■ Problem requirements: Take the lines below between the one holding "Жители Петербурга продолжают" and the one holding "Heart | 03:05 | |", inclusive, and copy them exactly. Add nothing.

■ Records to process:

---------------

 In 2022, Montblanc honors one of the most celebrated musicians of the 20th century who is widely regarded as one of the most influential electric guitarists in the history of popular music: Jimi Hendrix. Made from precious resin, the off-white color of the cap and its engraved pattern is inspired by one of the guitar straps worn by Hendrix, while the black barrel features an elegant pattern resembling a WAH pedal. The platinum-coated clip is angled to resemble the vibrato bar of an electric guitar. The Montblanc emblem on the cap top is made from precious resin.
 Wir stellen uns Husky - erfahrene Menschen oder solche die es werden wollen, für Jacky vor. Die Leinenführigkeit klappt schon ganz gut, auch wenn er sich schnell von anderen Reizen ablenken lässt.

---------------

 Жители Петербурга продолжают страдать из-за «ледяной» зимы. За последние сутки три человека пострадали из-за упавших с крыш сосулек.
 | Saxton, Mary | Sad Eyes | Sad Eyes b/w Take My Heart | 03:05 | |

---------------

■ Expected answer:
 Жители Петербурга продолжают страдать из-за «ледяной» зимы. За последние сутки три человека пострадали из-за упавших с крыш сосулек.
 | Saxton, Mary | Sad Eyes | Sad Eyes b/w Take My Heart | 03:05 | |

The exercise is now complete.